Take a look at the output file. The output file shows for each chromosome (first column) how many nucleotides (third column) are covered by the feature in the bed file. In our case, these are the alignments between the query and the reference genome assemblies. The file contains multiple rows for each chromosome to indicate how many nucleotides are covered by 0, 1, 2, or more alignments (2nd column). The fourth and fifth column tell you what percentage (5th column) of the total length of the chromosome (4th column) are covered. The last lines in the file summarise these measurements over the entire genome

• How many bases in the reference genome assembly are (not) covered?
• What could be the biological or technical reason that some regions being absent in the query genome but present in the reference genome?
• What could be the biological reason that some regions in the genome are covered more than once?

Solution

A big proportion of the genome is present ~60% but ~40% is absent. This is likely due to both biological and technical reasons. First, we filtered shorter alignments (< 10 kb) and thus will overestimate strains-specific regions. Second, we know that Zymoseptoria has dispensable chromosomes. We can for instance see that chromosome 21 is absent from the other strain. These chromosomes and other dispensable regions contribute to the high number of nucleotides being absent.

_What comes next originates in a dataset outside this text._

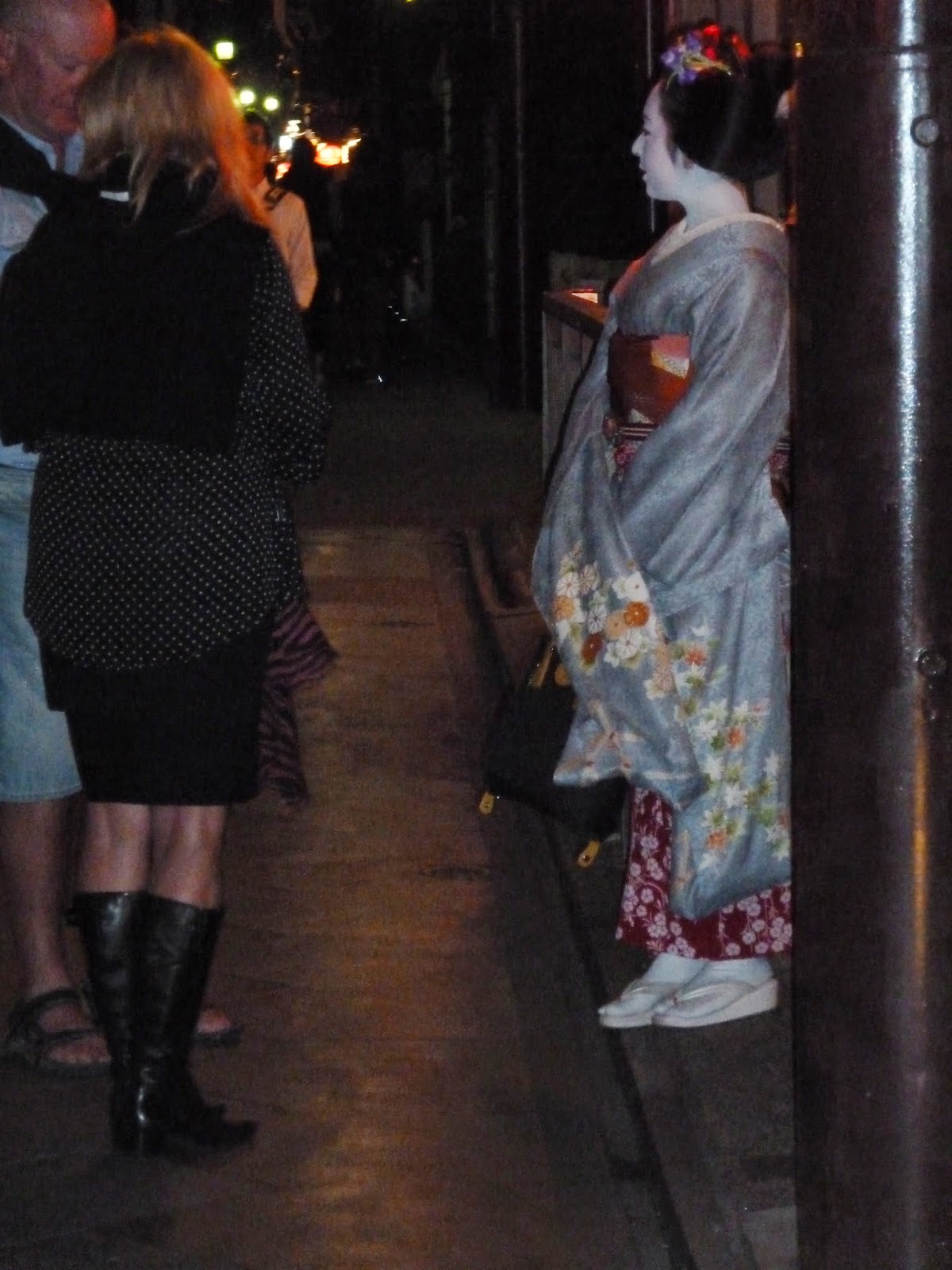 Aujourd’hui, même dix huit mois après mon séjour  Kyoto, je ne sais quel mot employer pour décrire au plus juste la sensation que j’ai ressenti lorsque je me suis retrouvée, un soir du mois de mai 2013 aux alentours de 23 heures, à quelques mètres d’une , puis de plusieurs geishas à Pontocho !

We now have identified the amount of genomic material that is unique to the reference genome. We can now think about additional computational experiments to identify i) identify the location of these regions, ii) detect protein-coding genes, and iii) functionally characterise these genes. For i), we can for example use bedtools genomecov -d to obtain the coordinates of nucleotides that are not covered. How to identify protein-coding genes and how to functionally characterise those will the subject of future exercises.

Key Points

• You can compare two eukaryotic genomes with MUMMER

• You can critically reflect on the results of MUMMER and provide a technical and biological interpretation of the visual representations.

• You can combine the learnt methodologies to conceptualise a computational strategy to identify isolate-/species-specific genomic regions.